WHAT TO WORK ON: Drop all images. Then write out each line below exactly as given.

THE DATA:
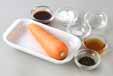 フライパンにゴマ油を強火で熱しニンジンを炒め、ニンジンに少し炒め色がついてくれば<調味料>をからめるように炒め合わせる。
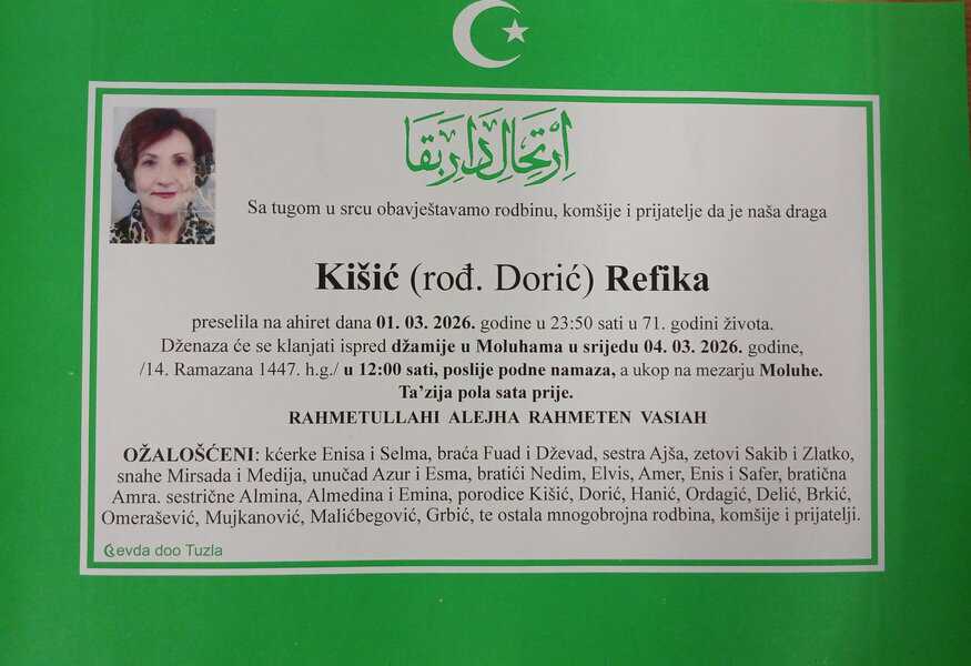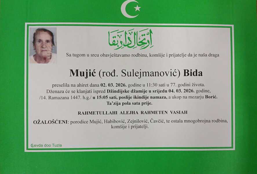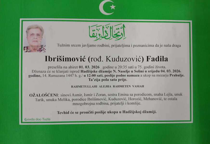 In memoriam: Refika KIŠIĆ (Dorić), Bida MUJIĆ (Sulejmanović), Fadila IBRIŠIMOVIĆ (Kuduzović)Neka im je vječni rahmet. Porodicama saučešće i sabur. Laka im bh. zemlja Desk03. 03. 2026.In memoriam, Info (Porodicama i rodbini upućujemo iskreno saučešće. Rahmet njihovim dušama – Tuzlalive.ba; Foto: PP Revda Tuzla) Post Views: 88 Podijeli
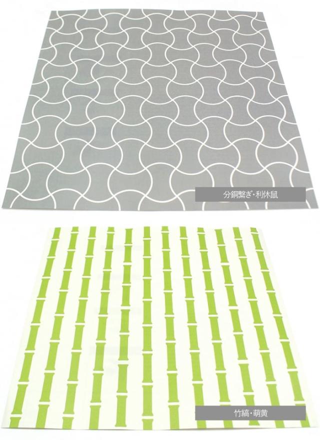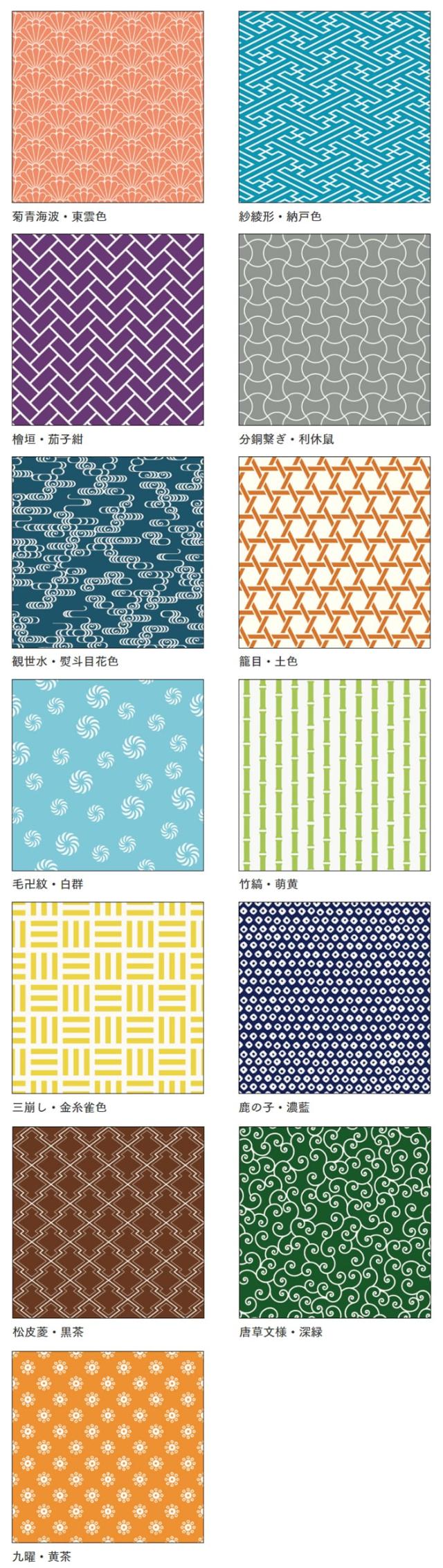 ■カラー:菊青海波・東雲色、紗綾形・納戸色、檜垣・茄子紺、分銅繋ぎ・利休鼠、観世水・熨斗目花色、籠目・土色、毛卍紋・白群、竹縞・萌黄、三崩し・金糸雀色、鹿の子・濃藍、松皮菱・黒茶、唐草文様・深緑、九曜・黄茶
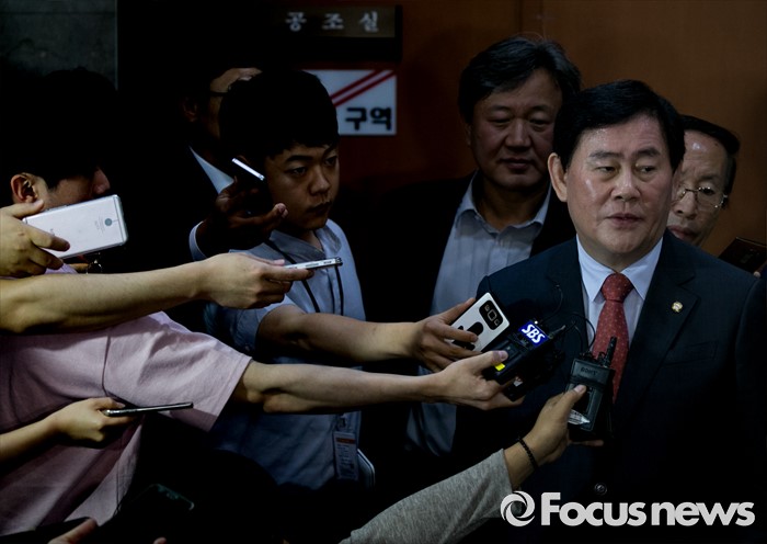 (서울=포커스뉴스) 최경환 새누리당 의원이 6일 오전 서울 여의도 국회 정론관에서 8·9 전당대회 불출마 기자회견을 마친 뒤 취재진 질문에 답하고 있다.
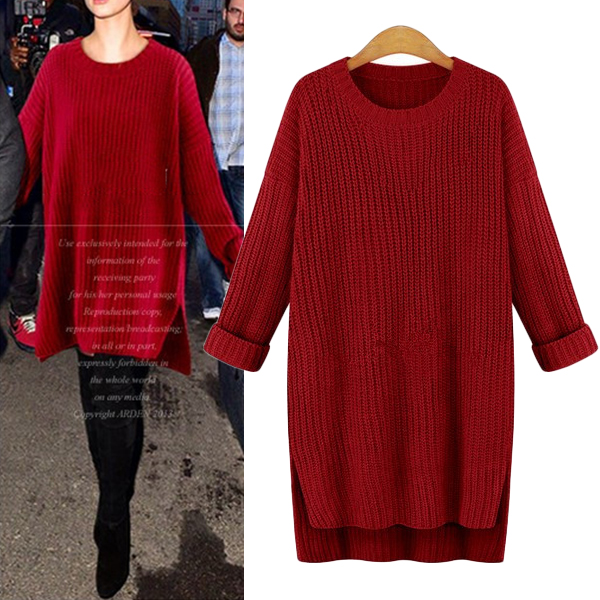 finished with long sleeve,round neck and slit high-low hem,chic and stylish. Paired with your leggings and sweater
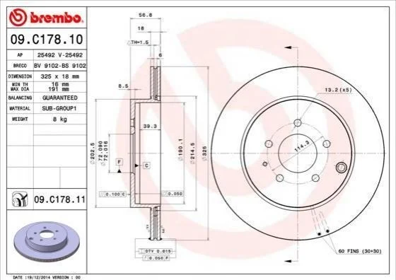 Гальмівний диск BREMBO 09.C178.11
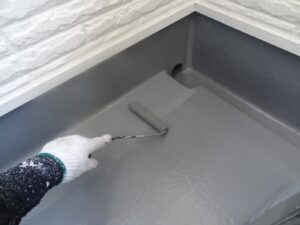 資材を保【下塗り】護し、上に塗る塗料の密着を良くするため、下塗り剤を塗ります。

ANSWER FOR THIS EXERCISE:
 フライパンにゴマ油を強火で熱しニンジンを炒め、ニンジンに少し炒め色がついてくれば<調味料>をからめるように炒め合わせる。
 In memoriam: Refika KIŠIĆ (Dorić), Bida MUJIĆ (Sulejmanović), Fadila IBRIŠIMOVIĆ (Kuduzović)Neka im je vječni rahmet. Porodicama saučešće i sabur. Laka im bh. zemlja Desk03. 03. 2026.In memoriam, Info (Porodicama i rodbini upućujemo iskreno saučešće. Rahmet njihovim dušama – Tuzlalive.ba; Foto: PP Revda Tuzla) Post Views: 88 Podijeli
 ■カラー:菊青海波・東雲色、紗綾形・納戸色、檜垣・茄子紺、分銅繋ぎ・利休鼠、観世水・熨斗目花色、籠目・土色、毛卍紋・白群、竹縞・萌黄、三崩し・金糸雀色、鹿の子・濃藍、松皮菱・黒茶、唐草文様・深緑、九曜・黄茶
 (서울=포커스뉴스) 최경환 새누리당 의원이 6일 오전 서울 여의도 국회 정론관에서 8·9 전당대회 불출마 기자회견을 마친 뒤 취재진 질문에 답하고 있다.
 finished with long sleeve,round neck and slit high-low hem,chic and stylish. Paired with your leggings and sweater
 Гальмівний диск BREMBO 09.C178.11
 資材を保【下塗り】護し、上に塗る塗料の密着を良くするため、下塗り剤を塗ります。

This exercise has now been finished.